== Task goal ==
Task for the records below: please retype exactly and only the lines from the first through the one with "Piyasa açılışı öncesi", with every picture omitted.

(Collected data entries)
•••••

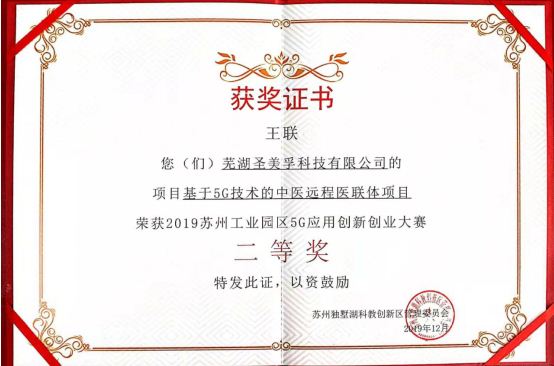 蕪湖圣美孚科技公司以“基于5G技術(shù)的中醫(yī)遠程醫(yī)聯(lián)體項目”參加此次大賽,與參賽的各種人工智能、大數(shù)據(jù)和物聯(lián)網(wǎng)等5G示范應(yīng)用場景的高新科技項目同臺亮相,于決賽現(xiàn)場進行了路演,闡述了基于5G技術(shù)的中醫(yī)遠程醫(yī)聯(lián)體項目成果并接受大賽評委的評審問答,經(jīng)過一番角逐,我公司參賽的“基于5G技術(shù)的中醫(yī)遠程醫(yī)聯(lián)體項目”榮獲2019年蘇州工業(yè)園區(qū)5G應(yīng)用創(chuàng)新創(chuàng)業(yè)大賽二等獎。
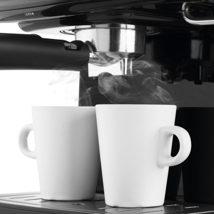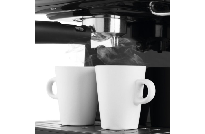Pripravite popolno kavo doma zahvaljujoč 20-barski tlačni črpalki. Izberite svoj stil kave: mleto kavo ali sistem z mleto kavo v kapsulah in postrezite eno ali dve skodelici kave in okusne kapučine.
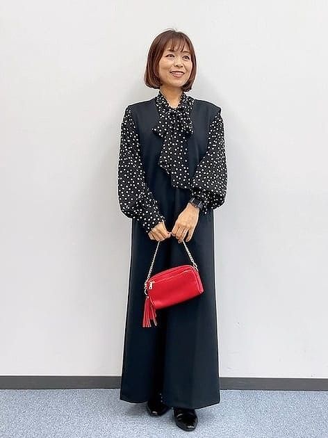 長めの丈感でストンとしたシルエット。体のラインを拾わないので体型をスッキリ見せてくれるデザインです。これ1枚でオンオフどちらの場面でも使える着回し力抜群のアイテム。きちんと感が欲しい日はボウタイブラウスを合わせて気品漂うスタイルがぴったり。
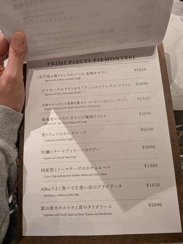 魅力的なプリモのラインナップ。普通に考えたら「名物」とつく「太刀魚と黒トリュフのソース 名物タヤリン」にいきそうだが、「車海老のビスク オレンジ風味リゾット」はオレンジとエビ、同系色同士の素材の組み合わせにセンスを感じる。「国産筍とトーマチーズのカチョエペペ」はカチョエペペ好きとしてとても気になる……しかし、意外と「Albaでよく食べてた思い出のアラビアータ」が一番美味しかったりする……と、いい意味でどれにするか考え込んでしまう
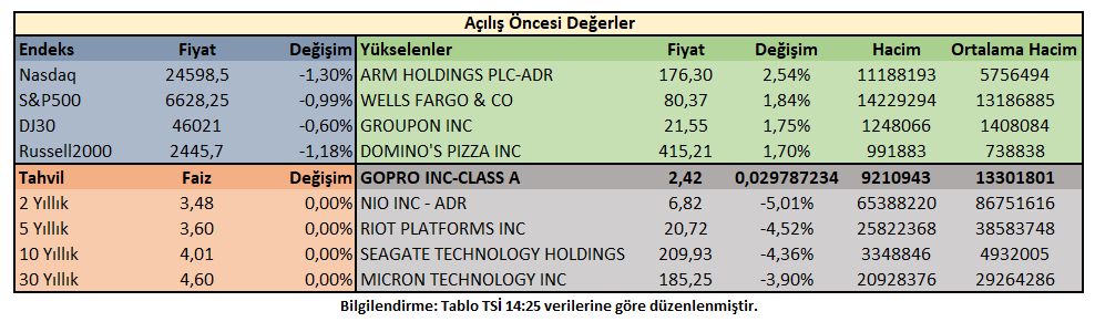 Piyasa açılışı öncesi işlemlerde ABD 10 yıllık tahvil getirisi %4,01 oranında hareket ederken, hisse senedi endeksleri satıcılı seyirde. Düşüşlere NASDAQ100 öncülük ediyor.
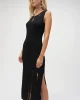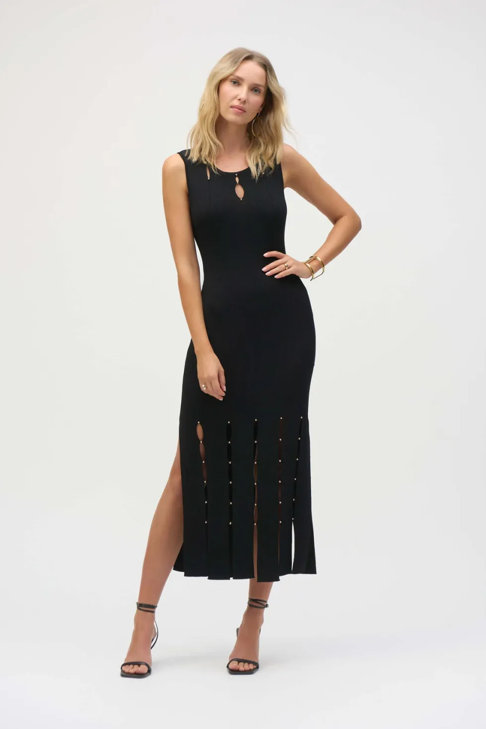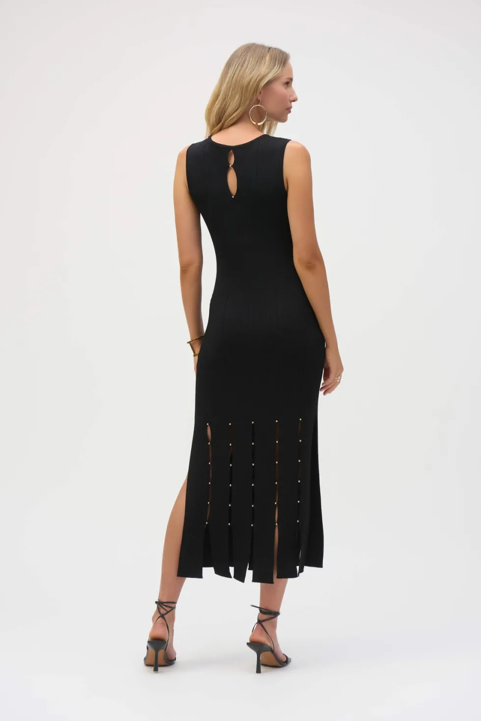 Endless Summer Sweater Knit Midi Dress with Car Wash Hem 252925 by Joseph Ribkoff at The Wardrobe Express your unique style in this sweater knit sleeveless dress adorned in gold beading. Whether you're sauntering across the room or dancing the night away, the swish of the car wash hem will keep you in motion and all

•••••

== Answer ==
 蕪湖圣美孚科技公司以“基于5G技術(shù)的中醫(yī)遠程醫(yī)聯(lián)體項目”參加此次大賽,與參賽的各種人工智能、大數(shù)據(jù)和物聯(lián)網(wǎng)等5G示范應(yīng)用場景的高新科技項目同臺亮相,于決賽現(xiàn)場進行了路演,闡述了基于5G技術(shù)的中醫(yī)遠程醫(yī)聯(lián)體項目成果并接受大賽評委的評審問答,經(jīng)過一番角逐,我公司參賽的“基于5G技術(shù)的中醫(yī)遠程醫(yī)聯(lián)體項目”榮獲2019年蘇州工業(yè)園區(qū)5G應(yīng)用創(chuàng)新創(chuàng)業(yè)大賽二等獎。
Pripravite popolno kavo doma zahvaljujoč 20-barski tlačni črpalki. Izberite svoj stil kave: mleto kavo ali sistem z mleto kavo v kapsulah in postrezite eno ali dve skodelici kave in okusne kapučine.
 長めの丈感でストンとしたシルエット。体のラインを拾わないので体型をスッキリ見せてくれるデザインです。これ1枚でオンオフどちらの場面でも使える着回し力抜群のアイテム。きちんと感が欲しい日はボウタイブラウスを合わせて気品漂うスタイルがぴったり。
 魅力的なプリモのラインナップ。普通に考えたら「名物」とつく「太刀魚と黒トリュフのソース 名物タヤリン」にいきそうだが、「車海老のビスク オレンジ風味リゾット」はオレンジとエビ、同系色同士の素材の組み合わせにセンスを感じる。「国産筍とトーマチーズのカチョエペペ」はカチョエペペ好きとしてとても気になる……しかし、意外と「Albaでよく食べてた思い出のアラビアータ」が一番美味しかったりする……と、いい意味でどれにするか考え込んでしまう
 Piyasa açılışı öncesi işlemlerde ABD 10 yıllık tahvil getirisi %4,01 oranında hareket ederken, hisse senedi endeksleri satıcılı seyirde. Düşüşlere NASDAQ100 öncülük ediyor.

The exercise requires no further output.